The Chinese artificial intelligence company DeepSeek has been targeted by a wave of large-scale DDoS attacks, significantly disrupting its services. The assault on its infrastructure began shortly after the release of DeepSeek-R1, a model positioned as a strong competitor to OpenAI’s developments, offering a more accessible solution in the field of generative AI.
According to researchers at NSFOCUS, DDoS attacks on DeepSeek’s API interface were recorded on January 25, 26, and 27, with attackers leveraging NTP and Memcached reflection techniques. The average attack duration was 35 minutes, causing service outages and instability. DeepSeek-R1, renowned for its dialog generation and auto-completion capabilities, has garnered significant interest from developers, making the platform an attractive target.
Additionally, DeepSeek’s chat system experienced prolonged attacks on January 20 and 25, with disruptions lasting over an hour. This coincided with the company’s unveiling of a new model, distinguished by an enhanced reinforcement learning process and superior accuracy in mathematical and programming tasks.

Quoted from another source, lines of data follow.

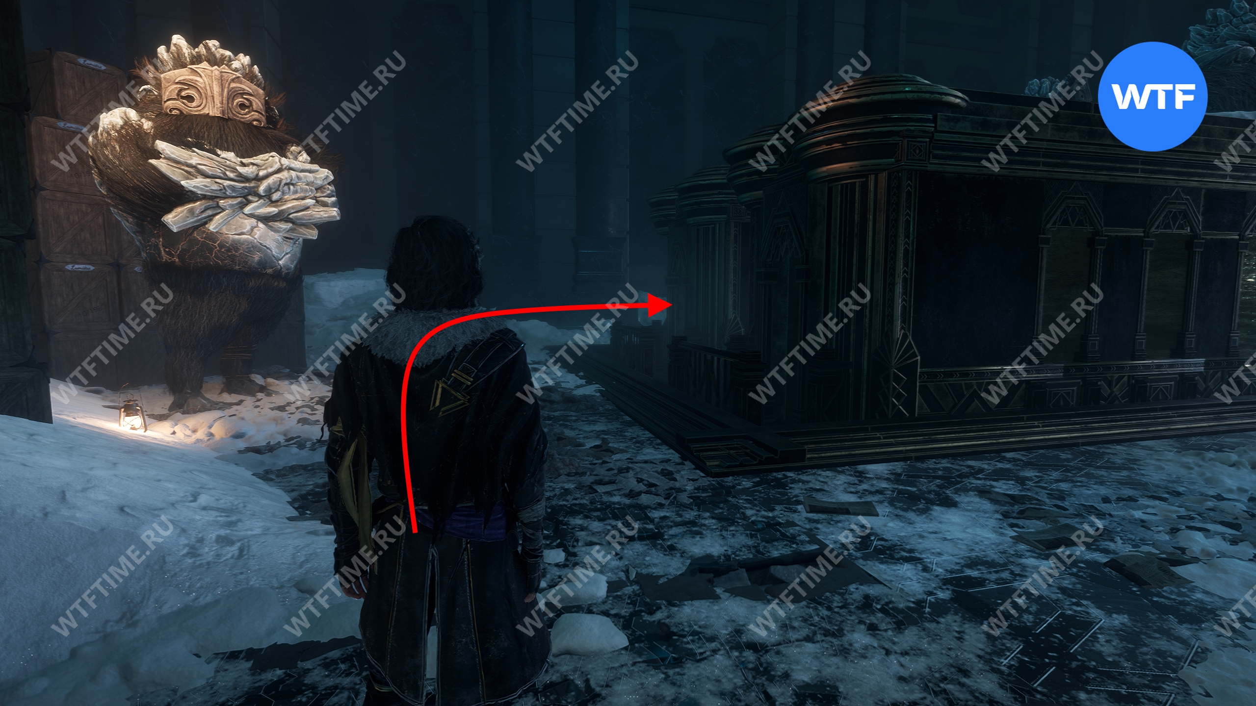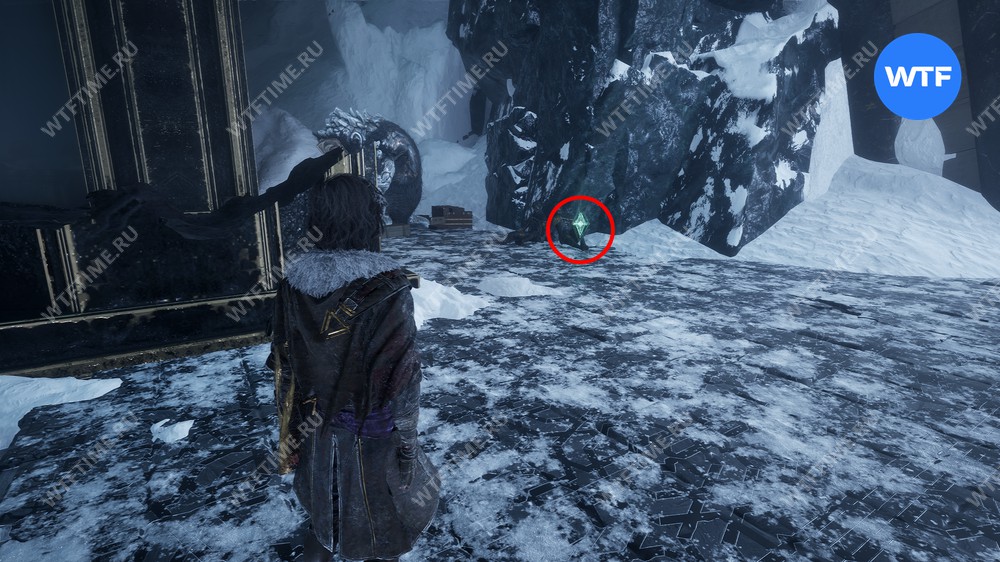 После обучения развернитесь и зайдите обратно в здание станции. Слева от входа вы найдете торговца Грандиса, который попросит принести ему Замерзший лед в обмен на редкие товары.
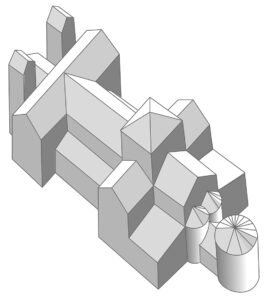 Köln-Deuz, St. Heribert, 1003: Außen rund, Innen oktogonal mit sechs Nischen. Westbau wohl dreitürmig. Tuffstein auf Basaltfundament. Erhalten: Fundamentplatte [12]
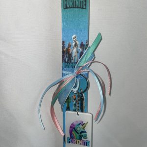 Λαμπάδα πλακέ με ντεκουπάζ με θέμα Fortnite και μπρελόκ
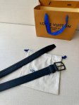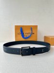 3.4cm wide Heritage belt, crafted from premium imported calfskin and smooth leather, features a brushed metal arched buckle for an elegant touch. A Louis Vuitton embellishment at the end completes the look, making it suitable for formal attire.

The situation escalated further on January 28, when the DeepSeek team reported a massive cyberattack, forcing the company to change its IP addresses to protect its infrastructure. However, the attackers quickly adapted, launching a new wave of assaults, including CLDAP reflection attacks. Once again, DeepSeek’s primary domains were severely impacted, leaving its API platform in a paralyzed state.
Security experts have highlighted the precision and coordination of the attackers’ tactics. Merely switching IP addresses proved ineffective, as the perpetrators responded instantaneously, adjusting their strategy in real time. NSFOCUS researchers point to the international nature of the attack, identifying threat sources in the United States, the United Kingdom, and Australia. The use of distributed servers complicates attribution, a hallmark of highly organized cyber operations.

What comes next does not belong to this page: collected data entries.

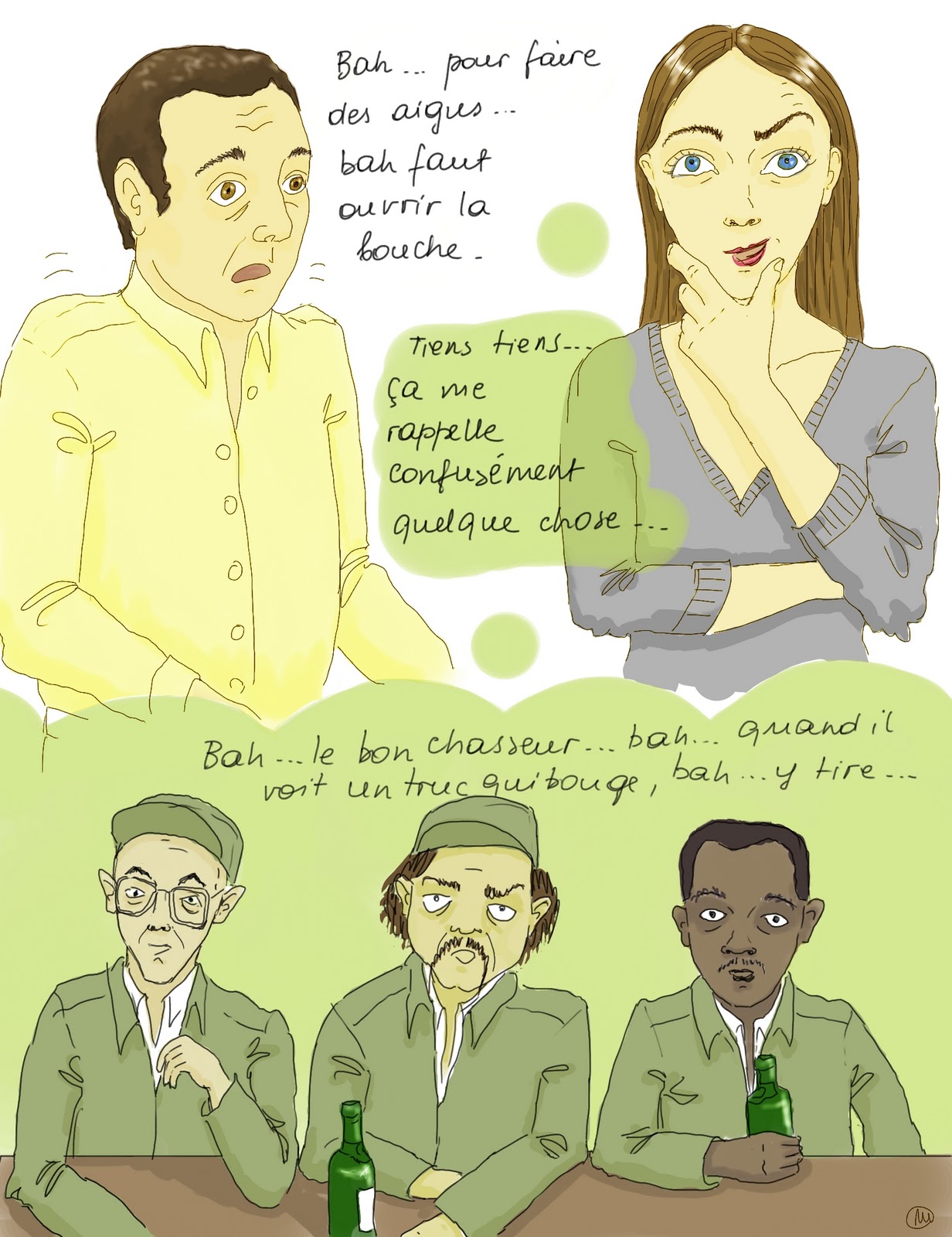 Comme je disais donc, les dialogues ci-dessus sont, oui, oui ! , des conseils que j'ai ré-el-le-ment entendus de la bouche de certains de mes professeurs ! (et parfois ça m'a très bien servi à comprendre, comme quoi... parfois, le chant, c'est du grand n'importe quoi, mais pour nos cerveaux de chanteurs, ça peut fonctionner !! :-)
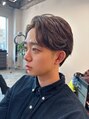 メンズセンターパート × 毛流れパーマ
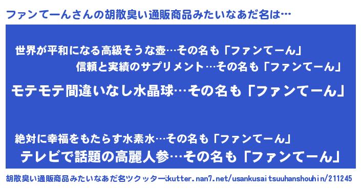| 男性向けラノベタイトル風あだ名 | 『ファンてーんの憂鬱』 |
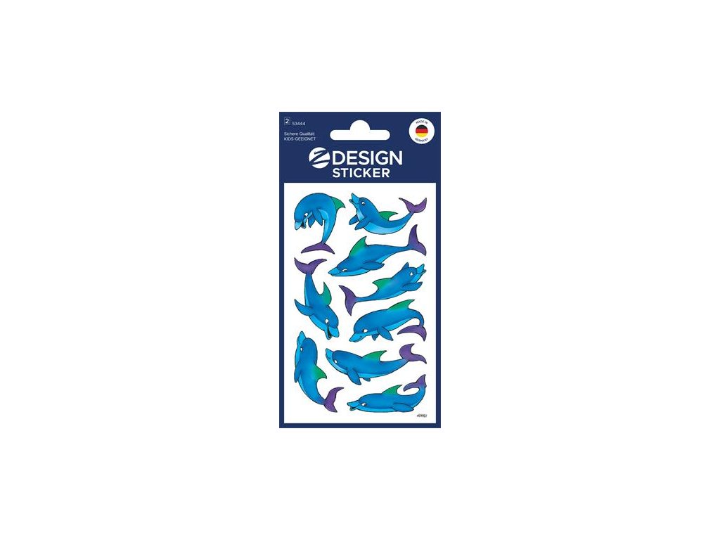 Nálepky, papier, 2 hárky, 76x120 mm, 76x120 mm, AVERY ZWECKFORM, "Z-Design No.53444", trblietavé delfíny
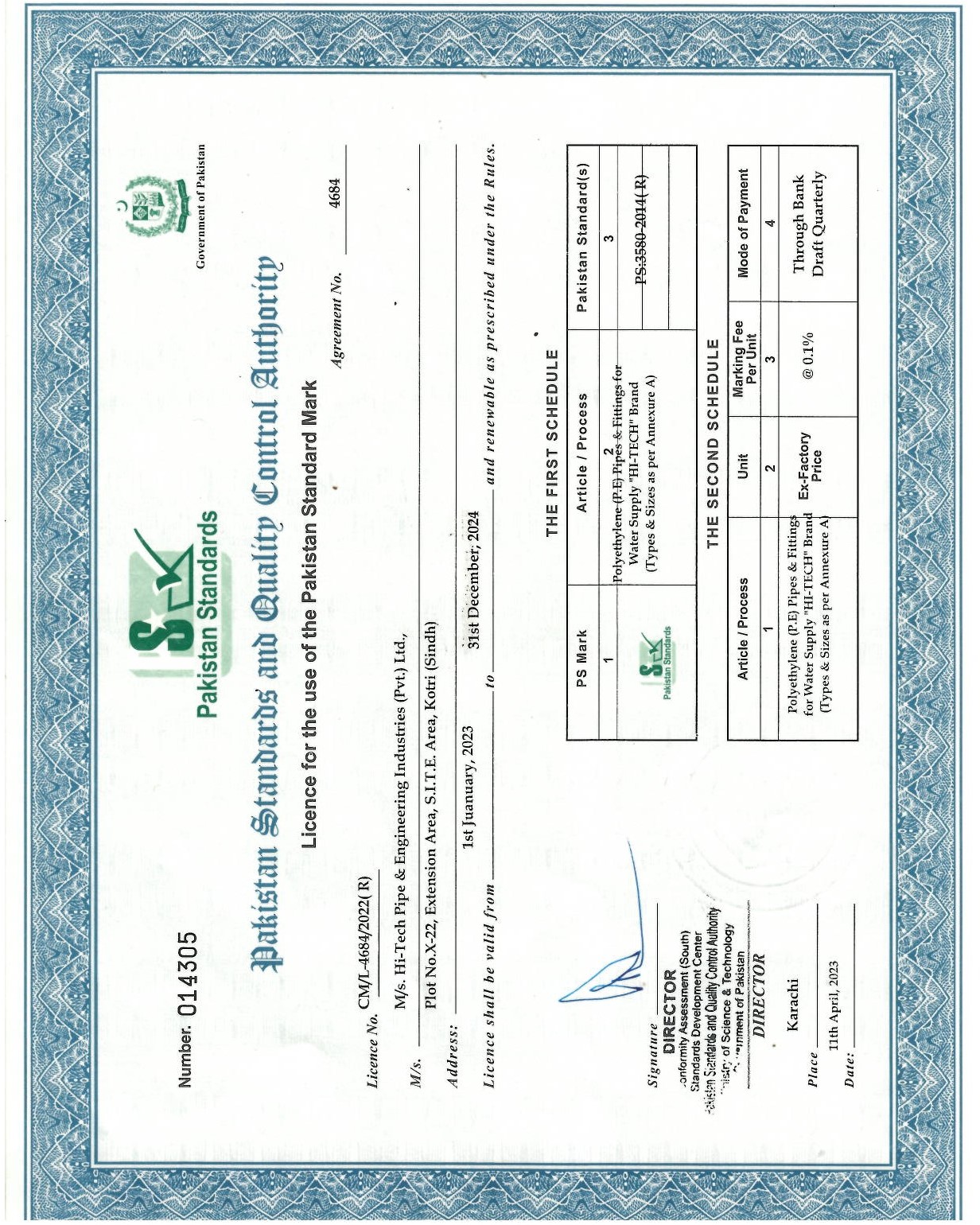 | UKAS Management Systems, ISO 9001:2015 | Pakistan Standard Institute (PSI) PS 3580:1997 |

This cyber offensive underscores DeepSeek’s growing prominence in the global AI market and reflects the fierce competitive landscape in the technology sector. Beyond AI development, companies are increasingly required to fortify their cybersecurity defenses to withstand targeted attacks. In the modern technological landscape, infrastructure security has become an indispensable pillar of success for AI firms.